In Pony, we have six reference capabilities. I'm going to omit transition because it is a little bit of an edge case, and I want to get the main idea across. What rights do those capabilities give to the holder, the local alias, and the global alias? The iso capability and the ref capability say, the holder may read and write. The val and the box capabilities say, the holder may only read. The tag says, the holder cannot do anything. When Sylvan started thinking about these things, he only had this in mind, but because we set it up in a nice matrix, we realized that there is one more, which is the tag. Actually, this one more is very useful. The local aliases need to be somehow different for these two, and for these two, since the holder has identical rights. The iso capability says the local alias is not allowed to do anything, cannot read, cannot write. It can only know the identity of the thing. Whereas, the ref says the local alias might read, write, whatever they want. The val capability says the local alias is only allowed to read, while for box it says, I don't know. It's actually a union type. Tag, we don't know. The local alias might read, write. We know nothing. Since here, locally, at least one reference is able to write, then the global alias is not allowed to neither read nor write. Otherwise, we would have data races here. Since we want to be sure that we can read, then the global alias is also only allowed to read. Here, the global alias is also allowed to read. Which of those can I send across actors? I can send iso, because I know that I'm the unique one who can read, so if I give up my iso, and I give it to Justin, then I know that nobody's going to be in trouble. I can also give val because I know everybody is in agreement, nobody is going to read from it, so it can be shared across. I can give tag, because when I give it I give it as tag. I say, you are not allowed to look inside it. Tag comes up a lot when you have lookup tables, and things like that, when you only want to pass the identity to somebody else who has got the rest of the information locally.

The reference capabilities are attached to the references, which are paths, things like x, x.f, x.f.g when we're looking at more fields. They express whether the holder is allowed to read or write, and say something about the other objects. Also, note, that not only do we have capabilities for variables and arguments, we also have got capability for the receiver. Here, we are saying this function is modifying the receiver, therefore, it needs ref capability for the receiver.

Pony Code - Capabilities (Find the Type Errors)

We have got a person here who has got identity and strengths. When they eat, their strength increases. We saw that function already, by some amount that is taken from the food. The take_a_bite function from food decreases the calories and returns parts of the calories. Here in the main actor, we have got an apple variable. Then we have got a pear variable.
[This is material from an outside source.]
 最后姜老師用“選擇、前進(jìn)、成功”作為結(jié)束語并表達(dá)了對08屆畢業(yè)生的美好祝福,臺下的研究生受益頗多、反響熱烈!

They're both food. Laurie and Jan are people, and they eat the apple and the pear. If we look at the problems here, I am modifying the calories, and therefore the function take_a_bite should have a ref receiver. Here we are calling take_a_bite, which requires the food to be a ref but here it is a box. We need to change it. This was a short and fast description of what the type checker is doing.
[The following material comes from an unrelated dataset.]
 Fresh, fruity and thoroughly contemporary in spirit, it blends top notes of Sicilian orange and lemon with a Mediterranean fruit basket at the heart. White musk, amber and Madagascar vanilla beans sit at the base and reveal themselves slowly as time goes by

Capabilities and Object Heap (excl. tag)

What do these capabilities really mean? What we have here is two actors, A1, A2. Here is the timeline of the actor, progress with time. Let's say this way. Here is the activation of the actor, forget about time. This is a snapshot. Here is actor A1, A2. Here is what the actor has access to. The actor A1 has got a local variable of type iso that points to that object. All these round guys here are objects 10, 12, 13, 20, and so on. I'm indicating through the black arrows, the references that come from one object to another object through each field. We can imagine that here, 10 has got some field, I don't care what it's called. This field has got a reference capability, and this field is pointing to 12. 12 has got another field that has got a reference capability that points to 13. 13, a box that points to 12, and also a ref that points to 10. This is a topology that is possible when I'm using those capabilities.

What does the topology mean? The isos introduce partition of the mutable heap into this joint region. These turquoise triangles indicate the objects that belong to the same region. We see that there are four regions, one starts at 10, the other at 20, the other at 30, the other at 50, because they have got all an iso pointing to them. There is one immutable region, and these are the blue objects. It's indicated through these light blue squares. These are introduced whenever I have got a val capability. From 12 to 10, I have got a val capability. I know that everything that is reachable from 100 is going to be immutable. All the objects here are immutable. Then with this approach, I can have my cycles, as I have got them here and I've got them here, which I couldn't have in Rust. Which are nice to have when you want them and you don't need to start worrying about unsafe programming. There are no incoming pointers into the mutable region. 21 cannot have any mutable reference to 12. It could have a tag reference, but I'm excluding it here in order to tell my story. 21 cannot have a mutable or even a box reference to 12 because it would go directly inside somebody else's region. 13 cannot point to 20 because 20 is an iso and there is only one distinct entry into a region.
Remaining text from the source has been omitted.